What needs to be done:
For the records below, copy exactly the span that begins at the line containing "Przecież każdy spośród" and stops after the line containing "Pretty much brand", minus any pictures.

Listed records:
****
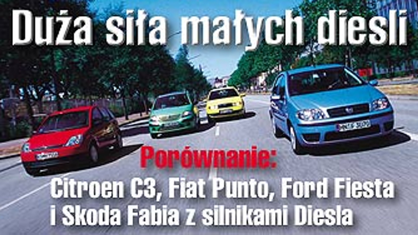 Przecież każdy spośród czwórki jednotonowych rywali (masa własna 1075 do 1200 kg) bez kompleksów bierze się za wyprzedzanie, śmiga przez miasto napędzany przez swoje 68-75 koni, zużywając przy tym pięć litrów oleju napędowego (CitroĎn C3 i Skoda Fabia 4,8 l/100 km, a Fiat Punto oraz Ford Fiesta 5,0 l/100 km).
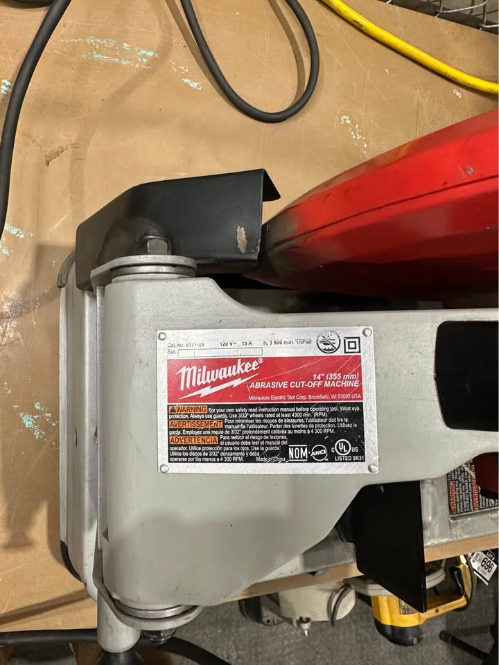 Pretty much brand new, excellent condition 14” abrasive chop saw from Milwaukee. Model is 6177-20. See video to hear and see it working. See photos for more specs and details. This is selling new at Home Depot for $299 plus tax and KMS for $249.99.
****
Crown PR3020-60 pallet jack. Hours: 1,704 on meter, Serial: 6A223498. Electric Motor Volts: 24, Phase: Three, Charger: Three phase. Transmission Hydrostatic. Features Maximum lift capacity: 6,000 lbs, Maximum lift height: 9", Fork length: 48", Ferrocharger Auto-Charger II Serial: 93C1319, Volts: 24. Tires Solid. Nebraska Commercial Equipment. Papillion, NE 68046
****
Response:
 Przecież każdy spośród czwórki jednotonowych rywali (masa własna 1075 do 1200 kg) bez kompleksów bierze się za wyprzedzanie, śmiga przez miasto napędzany przez swoje 68-75 koni, zużywając przy tym pięć litrów oleju napędowego (CitroĎn C3 i Skoda Fabia 4,8 l/100 km, a Fiat Punto oraz Ford Fiesta 5,0 l/100 km).
 Pretty much brand new, excellent condition 14” abrasive chop saw from Milwaukee. Model is 6177-20. See video to hear and see it working. See photos for more specs and details. This is selling new at Home Depot for $299 plus tax and KMS for $249.99.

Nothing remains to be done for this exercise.